Item 17. Undertakings.
The undersigned Registrant hereby undertakes:
| (1) | To file, during any period in which offers or sales are being made, a post-effective amendment to this registration statement: |
| i. | To include any prospectus required by section 10(a)(3) of the Securities Act of 1933; |
| ii. | To reflect in the prospectus any facts or events arising after the effective date of the registration statement (or the most recent post-effective amendment thereof) which, individually or in the aggregate, represent a fundamental change in the information set forth in the registration statement. Notwithstanding the foregoing, any increase or decrease in volume of securities offered (if the total dollar value of securities offered would not exceed that which was registered) and any deviation from the low or high end of the estimated maximum offering range may be reflected in the form of prospectus filed with the Commission pursuant to Rule 424(b) if, in the aggregate, the changes in volume and price represent no more than 20% change in the maximum aggregate offering price set forth in the "Calculation of Registration Fee" table in the effective registration statement; and |
| iii. | To include any material information with respect to the plan of distribution not previously disclosed in the registration statement or any material change to such information in the registration statement. |
| (2) | That, for the purpose of determining any liability under the Securities Act of 1933, each such post-effective amendment shall be deemed to be a new registration statement relating to the securities offered therein, and the offering of such securities at that time shall be deemed to be the initial bona fide offering thereof. |
| (3) | To remove from registration by means of a post-effective amendment any of the securities being registered which remain unsold at the termination of the offering. |
| (4) | Insofar as indemnification for liabilities arising under the Securities Act of 1933 may be permitted to directors, officers and controlling persons of the registrant pursuant to the foregoing provisions, or otherwise, the registrant has been advised that in the opinion of the Securities and Exchange Commission such indemnification is against public policy as expressed in the Act and is, therefore, unenforceable. In the event that a claim for indemnification against such liabilities (other than the payment by the registrant of expenses incurred or paid by a director, officer or controlling person of the registrant in the successful defense of any action, suit or proceeding) is asserted by such director, officer or controlling person in connection with the securities being registered, the registrant will, unless in the opinion of its counsel the matter has been settled by controlling precedent, submit to a court of appropriate jurisdiction the question whether such indemnification by it is against public policy as expressed in the Act and will be governed by the final adjudication of such issue. |
| (5) | Each prospectus filed pursuant to Rule 424(b) as part of a registration statement relating to an offering, other than registration statements relying on Rule 430B or other than prospectuses filed in reliance on Rule 430A, shall be deemed to be part of and included in the registration statement as of the date it is first used after effectiveness. Provided, however, that no statement made in a registration statement or prospectus that is part of the registration statement or made in a document incorporated or deemed incorporated by reference into the registration statement or prospectus that is part of the registration statement will, as to a purchaser with a time of contract of sale prior to such first use, supersede or modify any statement that was made in the registration statement or prospectus that was part of the registration statement or made in any such document immediately prior to such date of first use. |
SIGNATURES
Pursuant to the requirements of the Securities Act of 1933, the Registrant certifies that it has reasonable grounds to believe that it meets all of the requirements for filing on Form S-1 and has duly caused this amended registration statement to be signed on its behalf by the undersigned, thereunto duly authorized, in the City of Dallas, State of Texas on this 26 day of February, 2014.
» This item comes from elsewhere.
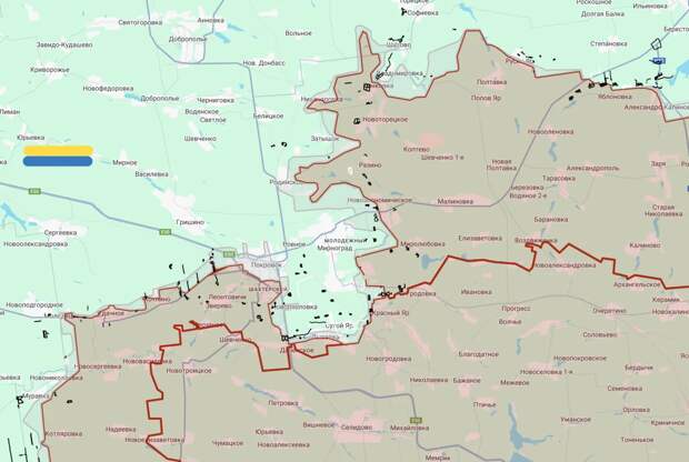Последнюю неделю противник предпринимает отчаянные попытки исправить ситуацию в Красноармейске и Мирнограде (Димитрове). На наших схемах и картах каналов противника видно, что оперативное окружение гарнизонов ВСУ достигает 10 км глубиной, а «горлышко» в данном мешке не превышает 5 км.
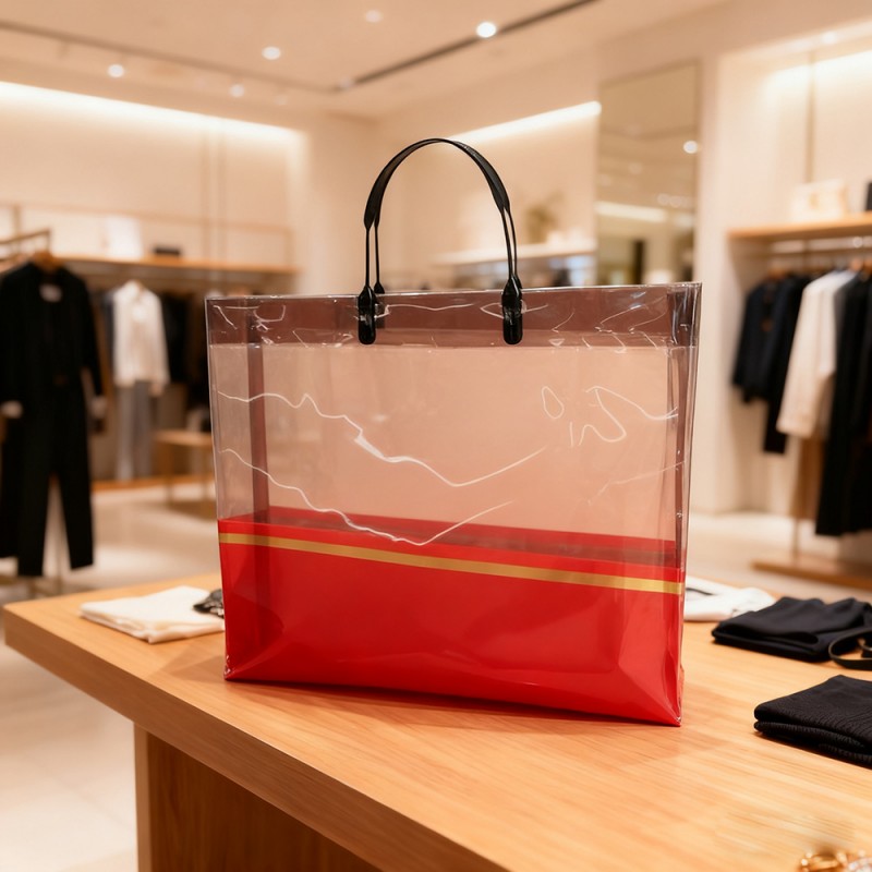 Butiki detaliczne i modowe: Ideal służy jako luksusowa torba na zakupy odzieży, akcesoriów i kosmetyków. Zwiększa postrzeganą wartość marki i poprawia zadowolenie klientów dzięki jej doskonałemu wyglądowi. Prezenty i wydarzenia firmowe: Idealne do pakowania zestawów upominkowych, artykułów promocyjnych lub upominków związanych z wydarzeniami. Dekoracja złotej opaski jest spójna z tematyką marek z najwyższej półki, dzięki czemu nadaje się do promocji korporacyjnej. Codzienne użytkowanie i podróże: Lekka i składana torba służy jako stylowy towarzysz podczas zakupów spożywczych, wycieczek na plażę lub nieformalnych wycieczek. Jego przejrzystość pozwala na łatwą identyfikację treści i jest wygodna w codziennym użytkowaniu. Wystawy i pokazy handlowe: Działają jak chodząca reklama, jeśli zostaną dostosowane za pomocą elementów marki, przyciągając uwagę podczas dystrybucji materiałów lub próbek. Pomaga w widoczności marki i nawiązywaniu kontaktu z potencjalnymi klientami.

| TRANSCOASTAL CORPORATION | |
| | | |
| | | |
| By: | /s/ Stuart G. Hagler | |
| | Stuart G. Hagler, Chief Executive Officer | |
POWER OF ATTORNEY
Each person whose signature appears below constitutes and appoints Stuart G. Hagler as his true and lawful attorneys-in-fact and agents with full power of substitution and re-substitution for him and in his name, place and stead in any and all capacities to execute in the name of each such person who is then an officer or director of the Registrant any and all amendments (including post-effective amendments) to this registration statement, and any registration statement relating to the offering hereunder pursuant to Rule 462 under the Securities Act of 1933 and to file the same with all exhibits thereto and other documents in connection therewith with the Securities and Exchange Commission, granting unto said attorneys-in-fact and agents and each of them full power and authority to do and perform each and every act and thing required or necessary to be done in and about the premises as fully as he might or could do in person, hereby ratifying and confirming all that said attorneys-in-fact and agents, or any of them, or their or his substitute or substitutes, may lawfully do or cause to be done by virtue thereof.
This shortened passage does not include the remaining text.